On the smaller end of the scale, Margaret describes a charm bracelet put together by Toni Foster, whose husband, Bob Foster, was an aerospace engineer supporting space efforts in the 1960s. For Margaret, the bracelet symbolizes the whole community around the space industry in Florida in the 1960s. 

“I'm excited that that's going on display in the new destination moon exhibit that's going to be opening in a couple of years. So from big things to small things, what we're really looking for are rich objects that tell multiple stories.”

Another of the museum’s famous exhibits is a touchable moon rock. All pieces of moon rock are owned by NASA because they are research pieces but Margaret says NASA recognized the value of allowing people to connect with it as an exhibit.

“We would love to have a touchable Mars rock next to our touchable moon rock, I think people would enjoy that very much,” she says.

Outside of her own collection, Margaret cites the original Wright Flyer from 1903 and John Glenn's Friendship 7 capsule, in which he became the first American to orbit the Earth in February of 1962.

“I think those real things, the real craft, give people some appreciation and some imagination about what it must have been like to be flying in those things.”

Sadly, there are some objects that Margaret would love to have in the collection but which may never be found. One is a Cabbage Patch doll, chubby little dolls that were popular in the 1980s. 

“There was one of those that was in a young astronaut outfit and that was flown on a space shuttle. And I always thought ‘Wouldn't that be a wonderful thing to have on display?’ This has been to space, and that's a very rare and wonderful thing to get things back from space.”

Margaret said a search has revealed that the toy in question was brought back to Earth and taken to the Reagan White House, where the staff put it in a holiday toy drive.  

“And it went to a needy child for Christmas that year, who got not only a space shuttle Cabbage Patch Kid, but one that had been to space!” Margaret believes the toy will never be found again now. “The stories behind the things that we can't get are sometimes just as interesting as some of what we have,” she says philosophically. 

Stephenson suggested that we should launch a campaign to find the item, “I think anyone watching who might know of the existence of an Astronaut Cabbage Patch Kid, should get in touch with you!”

The museum was already undergoing a refurbishment before the pandemic hit and many staff have been working on developing new exhibits and collections from home to bring a refreshed experience to visitors.
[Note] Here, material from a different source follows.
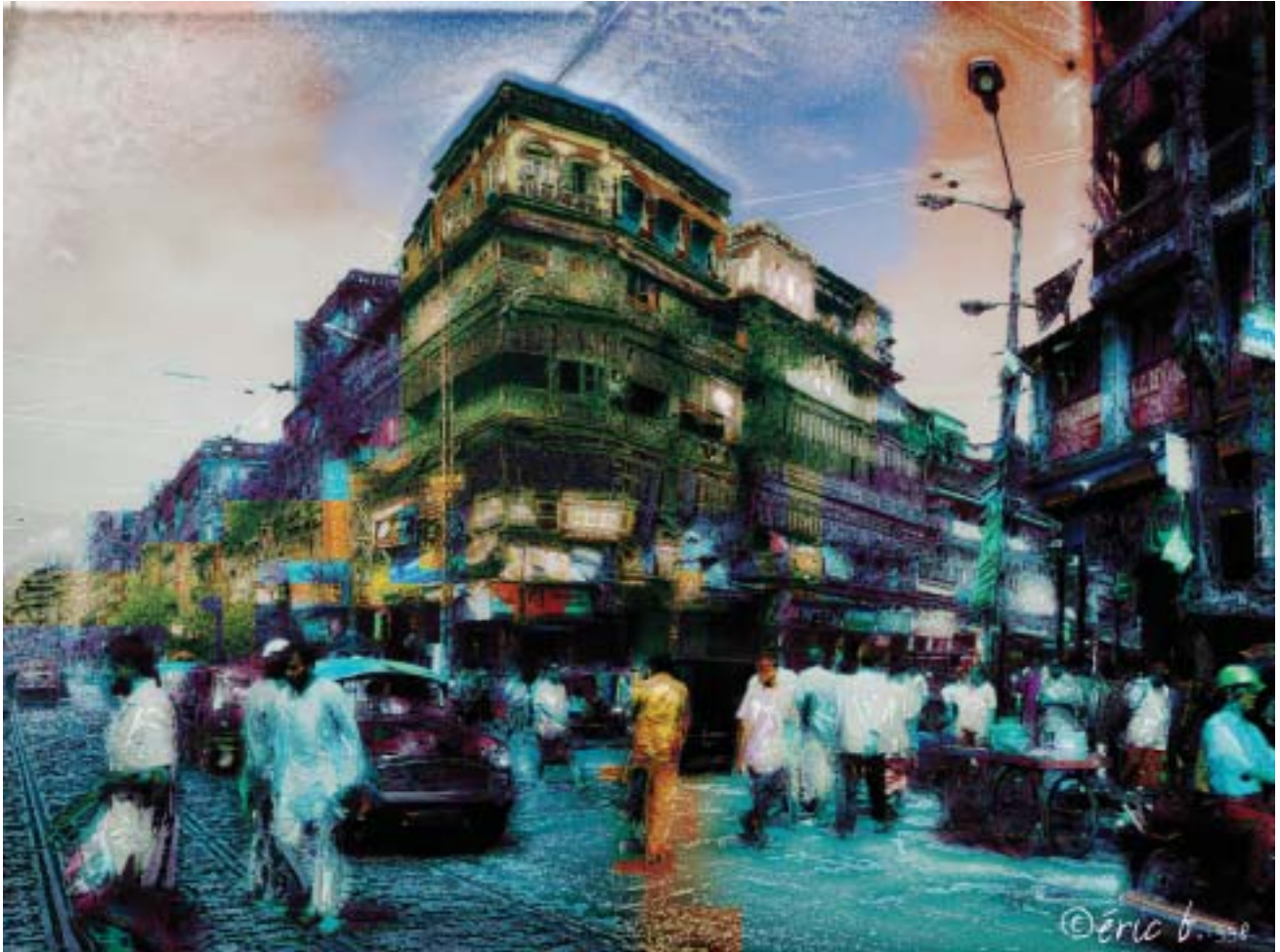
Quelques toiles exposés en 2002

In addition, the team was already looking at ways of reaching those who can’t make it to the museum in person and the Covid-19 pandemic has certainly sped up those efforts, from making curators and educational staff available for online lectures to putting the artifacts online to allow people to learn about them from home.

“ I think it's going to be something that you'll see as a lasting effect on the other side of this recent episode,” Margaret says.
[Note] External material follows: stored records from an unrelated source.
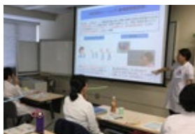
充実した講義科目、少人数での講義
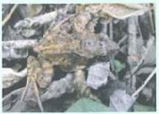
▲ ヤマアカガエル 日本固有種。平地から山間部に生息し、池沼・湿地の浅いところに産卵します。

樹上の鳥の巣を襲ったり、樹洞に侵入しフクロウ、ムササビ、コウモリなどを追い払ったり、水辺でサンショウウオやカエル類などを捕食します。また、他の動物に対して感染症や寄生虫を媒介する可能性があり、希少な野生動物の減少など、日本の生態系へ重大な被害をもたらすことが懸念されています。
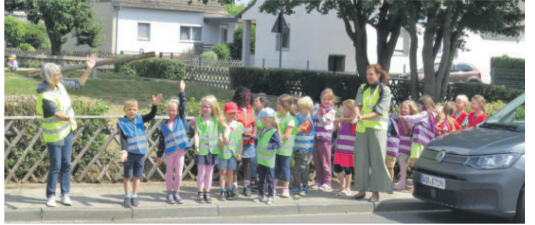
Für die Schulkinder in der Kita „An der Feuerwehr“ gab es einen gebührenden Abschluss mit einer Waldolympiade in Essehof, ein Verkehrs-Projekt und alle gemeinsam feierten ein sportliches Sommerfest.

Margaret is also the author of the book Right Stuff, Wrong Sex about America’s First Women in Space program. 

She believes that progress has been made, but that the space industry is not yet a full equality. 

“I think it's a long slow climb to change,” she says, highlighting that it was only in the 1970s that professional schools and military institutions really opened up to women. 

“I think those are the things that allow the next generation to really be doing these great things in aerospace. It's certainly something that we are excited about promoting at the National Air and Space Museum. We're delighted to think that someday the first woman on Mars is walking through our exhibits somewhere getting a touch of inspiration and going back to study very hard.”